RECORDED DATA -

- Opening Delimiter -

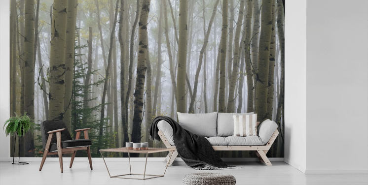 misty forest wallpaper mural called Morning Forest Mist for bedroom, living room or office
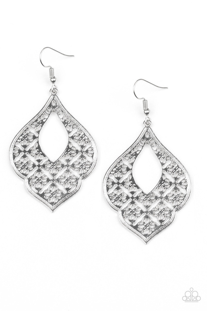 Filled with floral filigree details, a scalloped silver lure swings from the ear for a whimsical look. Earring attaches to a standard fishhook fitting.
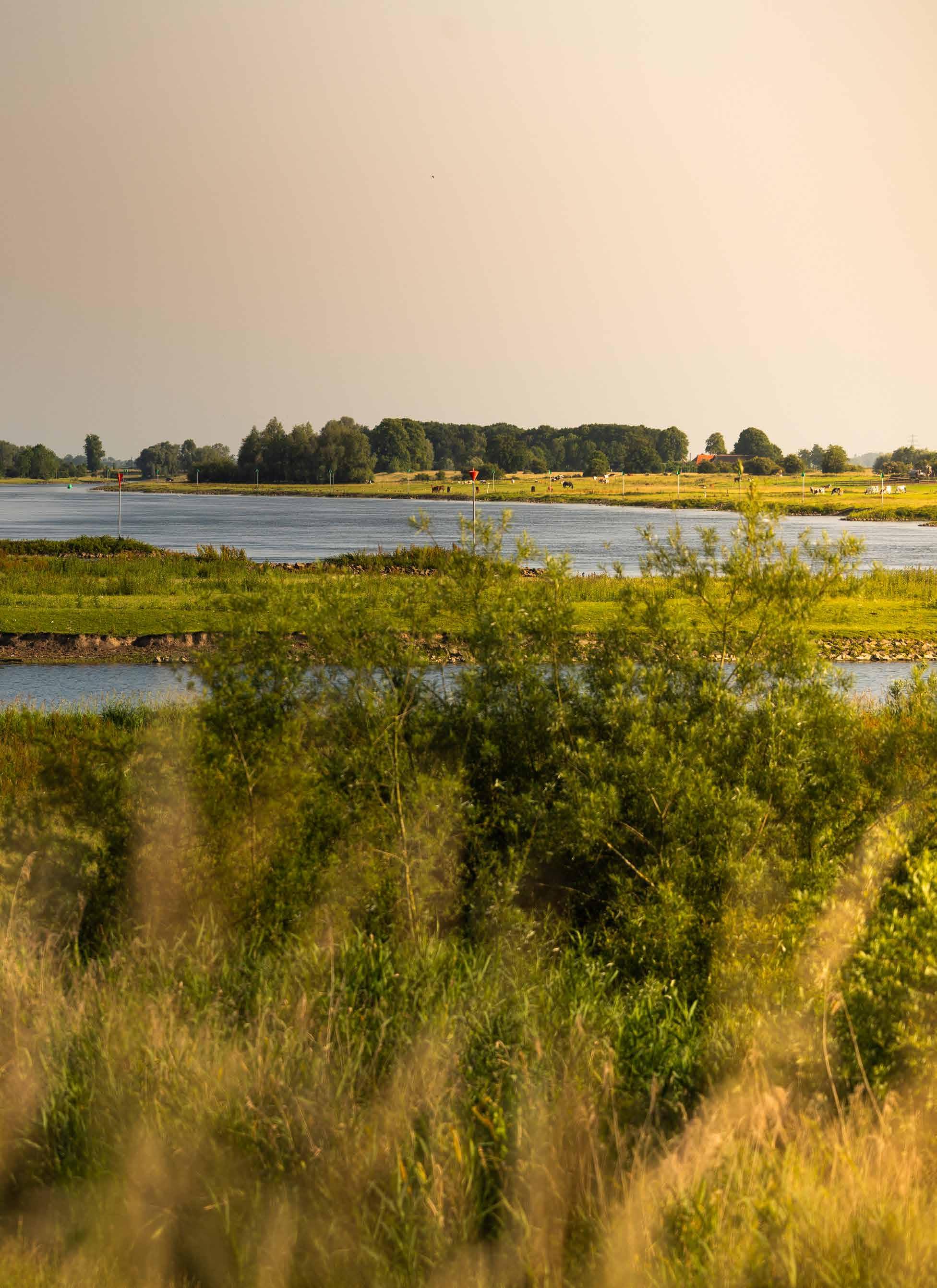 Vanaf huis wandel je zo de dijk op. Je kijkt uit over de uiterwaarden en ziet de beroepsvaart rustig voorbijtrekken, terwijl wandelaars en natuurliefhebbers over de dijk lopen.
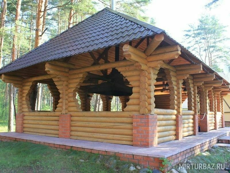 Беседка из оцилиндрованного бревна, площадью 48 кв.м.

- Closing Delimiter -

ACTION ITEM - Skip every picture and transcribe the data above exactly.

RESULT -
 misty forest wallpaper mural called Morning Forest Mist for bedroom, living room or office
 Filled with floral filigree details, a scalloped silver lure swings from the ear for a whimsical look. Earring attaches to a standard fishhook fitting.
 Vanaf huis wandel je zo de dijk op. Je kijkt uit over de uiterwaarden en ziet de beroepsvaart rustig voorbijtrekken, terwijl wandelaars en natuurliefhebbers over de dijk lopen.
 Беседка из оцилиндрованного бревна, площадью 48 кв.м.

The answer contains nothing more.